Hi Philipp,
This is just a personal preference, but when faced with a similar
problem I tend to keep the data separate rather than extend the existing
class. The benefits are:
- You can use whatever class hierarchy suits your problem without being
bound by the constraints of what works best for the target class (in
this case, either Geode or Drawable).
- If you need more than one Geode, or multiple types, or no Geode in
some cases, it varies, or you want a geometry-free run, you're going to
wish you went for a separate class.
- If you want to perform geometry updates, you can always choose to
either modify the existing geometry, or just create a whole new Geode
and/or Drawable. If you extend instead, you're stuck working with that
one as a base, and you'll need to modify.

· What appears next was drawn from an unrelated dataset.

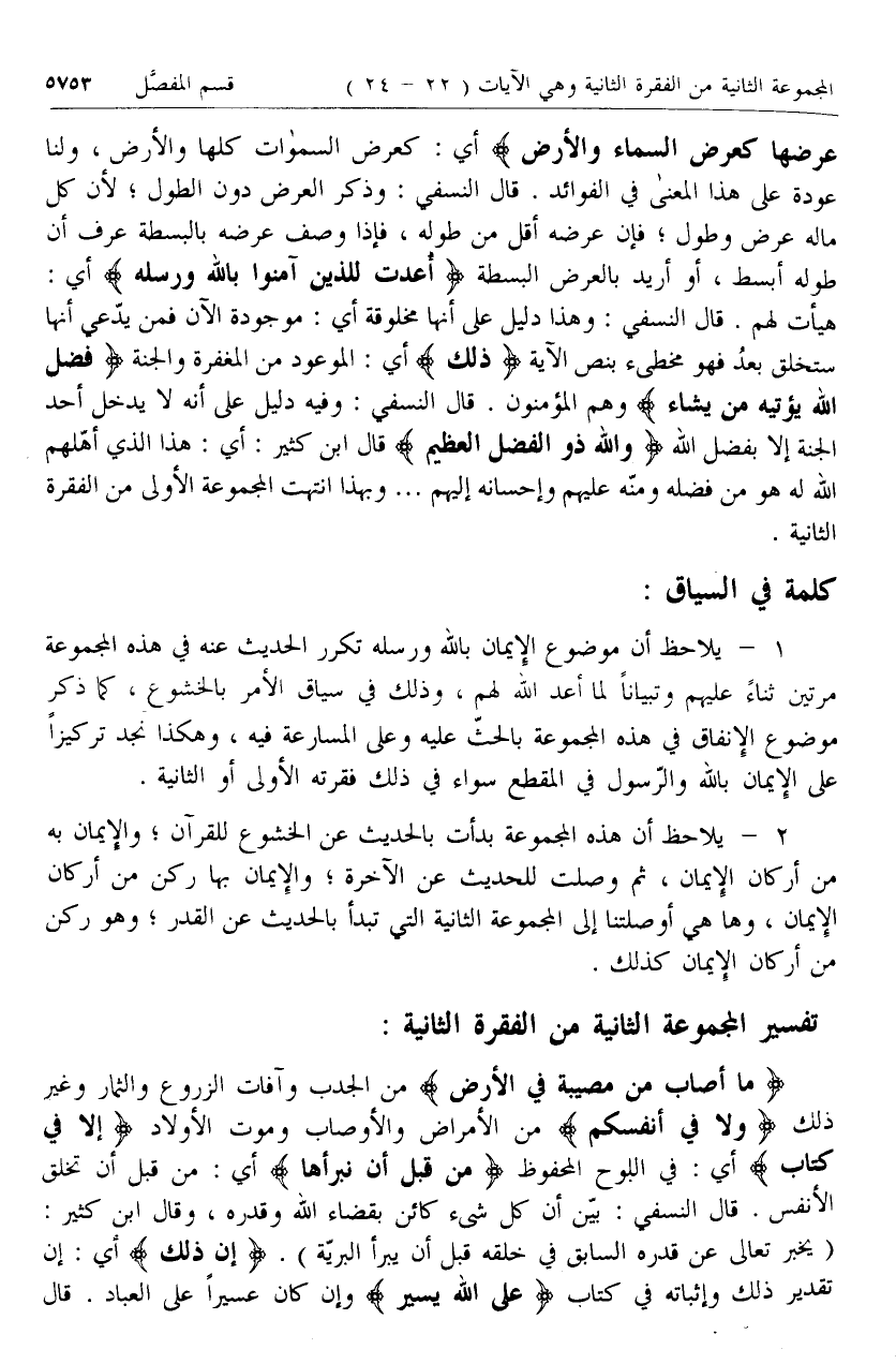 2 - يلاحظ أن هذه المجموعة بدأت بالحديث عن الخشوع للقرآن؛ والإيمان به من أركان الإيمان، ثم وصلت للحديث عن الآخرة؛ والإيمان بها ركن من أركان الإيمان، وها هي أوصلتنا إلى المجموعة الثانية التي تبدأ بالحديث عن القدر؛ وهو ركن من أركان الإيمان كذلك.

- If you want to add additional effects in some way to the geometry, it
will likely be easier this way.
Of course, there are cases where it would make more sense to extend the
OSG classes themselves. For example, if your problem was somewhat close
to a scene graph in design, and the geometry was always incrementally
updated due to a full rebuild being prohibitively expensive, it might
save some time to tie it in more directly through class extension.
Just my thoughts on the issue. I hope they help. :)
Garth
PS. In my own project I am *effectively* using a single osg::Group per
object that has a renderable component. That way I can include as much
or as little of OSG as I need. In practice it's a little more complex
than that, but it follows this basic idea.
On 07/01/12 02:54, Philipp Moeller wrote:
Hi list,
my use-case is this: I have data structures that cannot be rendered
directly but can be transformed to something that is renderable. All
algorithms manipulating data work on my own data structures. After the
algorithms are done, I would like to update the geometry to reflect the
changed data.
I'm unsure if I should extend a osg::Geode, add my datastructure as a
member and a rebuild() member funtion or if it makes more sense to
extend a osg::Drawable and go from there.
Basically, the setUserData() function already does what I want but it
lacks a way to issue an update.
Alternatively, I can just store my data separately and use setUserData
to have to keep pointers to the associated data and work from there.